Herbal therapies include Crataegus species, Stephania tetrandra, Rauwolfia serpentina and Panax notoginseng. However, their efficacy and safety haven’t been extensively studied for treating high blood pressure. If you are planning to use or are already using these therapies, it is important that you inform your doctor because of the potential health risks that are associated with these herbs. In case these herbs are used in combination with high blood pressure drugs, telling the doctor about it is even more important. Because they can increase blood pressure, some herbs shouldn’t be used by people with hypertension; some examples of those herbs are ephedra (Ma Huang), yohimbine (from the bark of a West African tree) and licorice.


Some of the other herbs that could be used include:


Garlic has been known to have many health benefits, from treating the common cold to serving as an anti-cancer agent. Research has shown that people with hypertension benefit from garlic. It can lower blood pressure by 5 to 10% by thinning the blood. It can also discourage clot formation and lower cholesterol.


In many different cultures, cardiovascular diseases are treated with Hawthorne berries, which are one of the safest herbal remedies. Today, it is one of the most popular herbs used in alternative medicine in Europe. Research has shown that Howthorne berries lower blood pressure by dilating blood vessels, strengthen the heart’s pumping ability and protect arterial walls. However, for their full effect to develop, the person may have to wait from several weeks to months.

Rauwolfia serpentina:

A small dose of this powerful herb, which is also known as Indian Snakeroot, can significantly lower blood pressure. However, until a few days after the initial administration, the effects of the herb aren’t seen, and they have a cumulative effect. Nasal congestion is the most common side effect of rauwolfia. Dry mouth, dizziness and nausea are some of its less common side effects.
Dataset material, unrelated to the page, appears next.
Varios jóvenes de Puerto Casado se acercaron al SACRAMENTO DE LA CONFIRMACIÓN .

There are some supplements that are evaluated as blood pressure-lowering options:

Coenzyme Q10 (CoQ10):

Without appreciable side effects, a significant drop in blood pressure is experienced in people with mild high blood pressure who are taking CoQ10. Additionally, it seems that CoQ10 reduces blood pressure by a different mechanism than major antihypertensive drugs.

Omega-3 fatty acids:

Some studies report that in people with mild hypertension, EPA and DHA may reduce blood pressure. However, other studies have had conflicting results. Current evidence suggests that significantly higher doses of omega-3 fatty acids may result in modest reductions of blood pressure.

Amino acids:

The diet supplement L-arginine has been suggested to lower blood pressure. However, it has been suggested that L-arginine may lower blood pressure for only a short period of time, by the few, small and not well-controlled studies that were done up till now. Blood pressure-lowering qualities may also be found in another amino acid called L-taurine.
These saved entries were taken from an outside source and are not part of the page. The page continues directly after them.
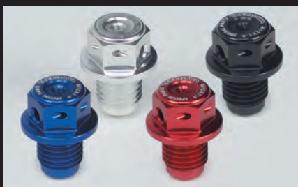
カラーラインナップ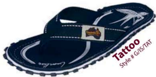
Tattoo Style # G/IS/TAT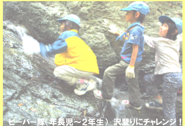
ビーバー隊(年長児～2年生) 沢登りにチャレンジ!

豊かな自然の中で楽しい仲間たちと元気にあそぶ、冒険する 森へ、山へ、川へ、海へ、仲間たちと どこへだって行ける どこでだってあそべる ハイキング、キャンプ、野外料理・・・ いろんなことにチャレンジして、最後まであきらめない心を育てよう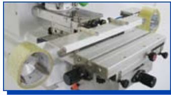
Auto-nettoyage tampon (encriers fermés seulement)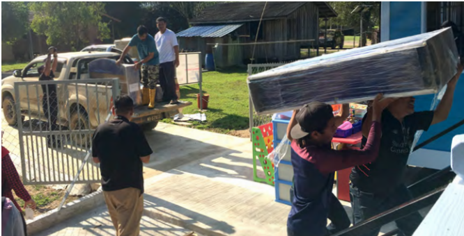
Sukarelawan mengangkat peralatan dari bangunan lama ke PPiP Kg Semelor yang baru.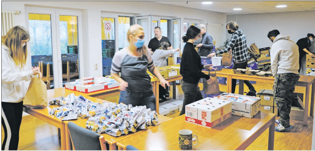
Gemeinsam mit anpacken: 1300 Martinstütten für Kinder aus Bad Münstereifel

Doch auch an diesem tragischen Ereignis hat sich wieder einmal gezeigt, dass die Lebenshilfen füreinander einstecken. Denn unmittelbar nach der Flut im Sommer bis in die zurückliegende Weihnachtszeit hinein unterstützen Lebenshilfe-Organisationen die betroffene Wohnstätte in Sinzig. „Die Hochwasserkatastrophe hat uns alle zutiefst erschüttert und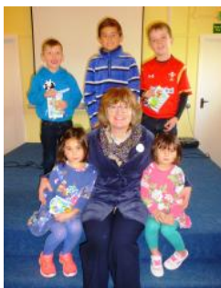
Plant o gapel Cana gyda'i gweinidog

Before starting any medications, including the ones mentioned above, that are available without a prescription, make sure to talk to your doctor. On an individual basis, the risks and benefits of every medicine should be carefully weighed, including over-the-counter drugs.



Many studies have considerable weaknesses, despite the fact that extensive research has been reported on the effectiveness of acupuncture for lowering blood pressure. In order to determine the value of acupuncture as a treatment for hypertension, more rigorously controlled research is needed.
Right now there is no evidence that it can lower blood pressure reliably.



To treat high blood pressure, magnet treatment can be classified as an alternative medicine. Copper and iron bracelets help reduce the effects of blood pressure, though the reason of which isn’t known. Trying this treatment doesn’t hurt anyone because it doesn’t have any side effects or any type of harm.